1. Submitting a job to background, to be run in the future (at time
specified by the call, OR immediately)


I think pgAgent is very similar to Oracle's dbms_job functionality.
http://www.pgadmin.org/docs/1.4/pgagent.html


2. Sending messages (data, arguments, pointer to data, whatever) to a
different session via in internal queuing system.

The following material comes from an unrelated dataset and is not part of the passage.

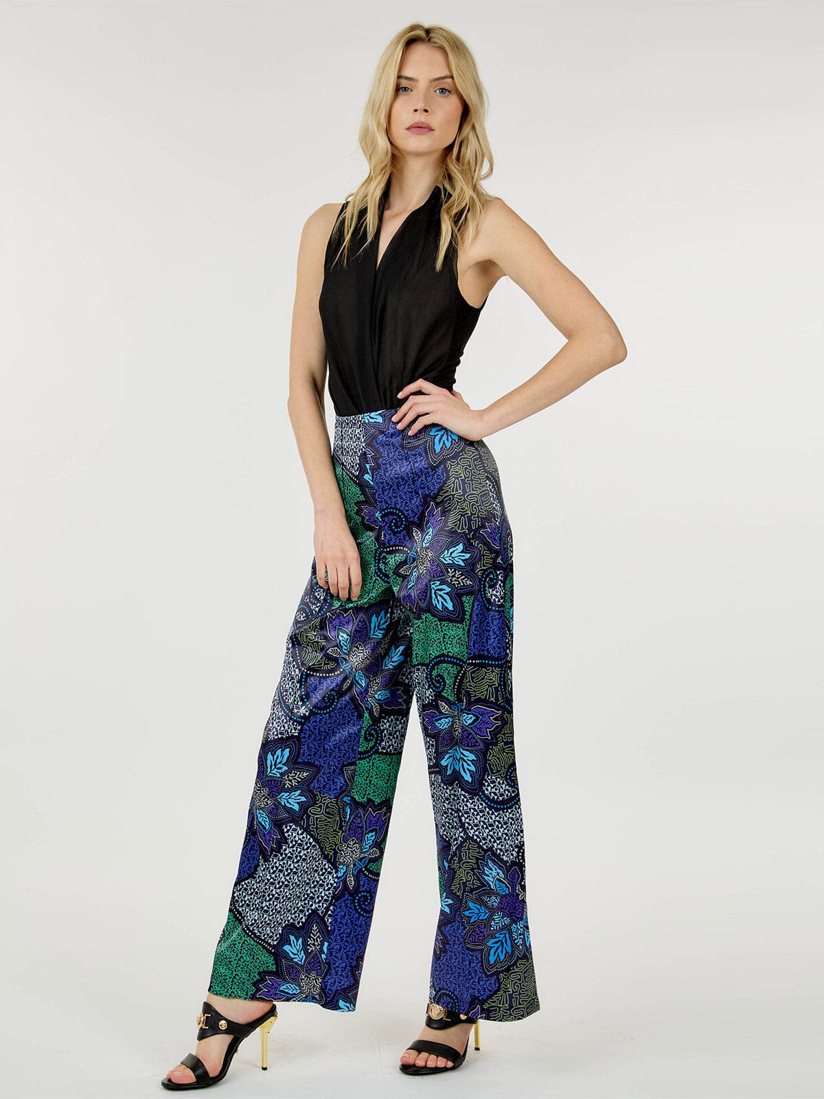 Features:Soft polyester-spandex fabric, wide-leg silhouette, vibrant multi-print design, ideal for all seasons, perfect for casual and formal styling, high boutique appeal.
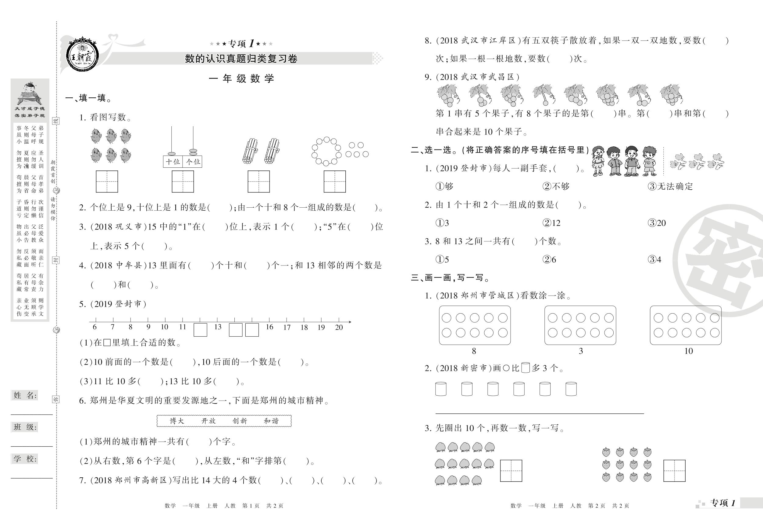 王朝霞期末专项卷——数的认识、计算真题归类复习一年级上册数学(人教版)_R210802215432【0】

I guess LISTEN/NOTIFY is be what you are looking for:
http://www.postgresql.org/docs/curre...ql-listen.html
http://www.postgresql.org/docs/curre...ql-notify.html


Thomas
Hmmmmm.....That's an interesting feature, but it doesnt seem to be able
to pass information as a parameter, unless I put the data into a table
(and commit) then have the signalled session read the table to find its
data.

It also seems that one must commit in the sender, or the signal wont be
delivered. So I cant send info to another session and have that other
session put the data into a table without first having issued a commit
in the original (sending) session.
that's right suppose the sender was rolled back after the receiver
committed. attempting to undo that was AIUI considered too hard.

Quote:
So I cant simulate an autonomous commit that way.
what is your ultimate goal. perhaps you can get there by using
multiple connections to the database, checkpoints, and/or try-catch

Quote:
Can I write to a file (a plain old operating system file, that is) from
postgres (Without a commit?)
only if you're a database superuser (or stored procedure by superuser with
SECURITY DEFINER).

Quote:
Can I read an operating system file from a postgres stored procedure?
the same conditions apply, I'm not sure that there's a simple way to
programatically access the file contents.